8

Голос… Хриплый, старушечий.

– Откуль?

– На бреге лежал, у самой воды, чуток не дотянулся. Я на челне плыла, заметила. Подгребла, а он в непритомности. Гляжу – спина в крови. Заволокла в челн…

Второй голос женский, мягкий и слегка испуганный.

– Где нашла?

– Близ Черного Яра.

– Глухое место… В избу сама волокла?

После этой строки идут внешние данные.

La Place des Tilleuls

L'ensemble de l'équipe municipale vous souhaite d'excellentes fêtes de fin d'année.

Никто не видел?

– Темно было. Никто!

– Посвети! Возьми лучину!

Меня ворочают, щупают. Больно.

– Язва у него, вишь, ножом в бок ткнули… Как к Яру добрался? Житла близко нету!

– Не ведаю, бабушка! Брег травой порос, так она у воды примята, а более нигде. Не брегом шел. Выживет?

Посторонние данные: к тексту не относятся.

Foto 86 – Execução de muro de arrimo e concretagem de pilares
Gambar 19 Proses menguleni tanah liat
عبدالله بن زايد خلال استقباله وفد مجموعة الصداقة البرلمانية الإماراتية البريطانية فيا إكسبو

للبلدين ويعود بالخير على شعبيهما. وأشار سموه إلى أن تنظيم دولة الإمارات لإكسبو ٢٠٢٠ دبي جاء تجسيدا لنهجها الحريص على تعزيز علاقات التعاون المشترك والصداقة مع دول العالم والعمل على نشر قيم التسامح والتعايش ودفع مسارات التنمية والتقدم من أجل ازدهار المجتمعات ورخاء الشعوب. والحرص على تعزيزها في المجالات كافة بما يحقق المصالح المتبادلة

– Коли б нутро задели, давно помер. Дышит… Кажи одежу его!

– Вот!

– Крови много – значит, не внутрь. Очуняет. Что за рубаха такая? И порты?..

– Не ведаю.

– Спали! В печке!

– А поршни?

– Эти? На веревочках? Туда же!

– Вот еще… На шее висел.

– Крест?! Выбрось! В реку! Не дай Велес, прознают! Зарежут отрока!

– Откуда он, бабушка?

– Тело гладкое, лик гожий, руки мягкие. Одежа не здешняя, дорогая… Не смерд. Посадский сын или боярский.

– Так до города день плыть!

– Может, и плыл.

– Челна не было.

– Унесло. Пристал к берегу, сомлел, а челн течением утащило. Потому трава лишь у воды примята. Далее не забрел – сил не было.

– Верно…

– Держи горшок!

Спину мажут чем-то густым, холодным, затем, приподымая меня, бинтуют.

– Вот тебе травы… Отвари, и, как очнется, пои теплым. Заруби петуха, свари уху и давай с ложки!

– Храни тебя Велес, бабушка!

– Меня-то хранит, а вот ты… Что люду скажешь?

– Прибился.

– Откуда?

– Из дальней веси – той, которую сожгли. На челне приплыл.

– Коли так… Имя подбери! Его, поповское, как вспомнит, вели забыть, коли жить хочет.

– Велю, бабушка, непременно! Назову Красимил! Он такой гожий!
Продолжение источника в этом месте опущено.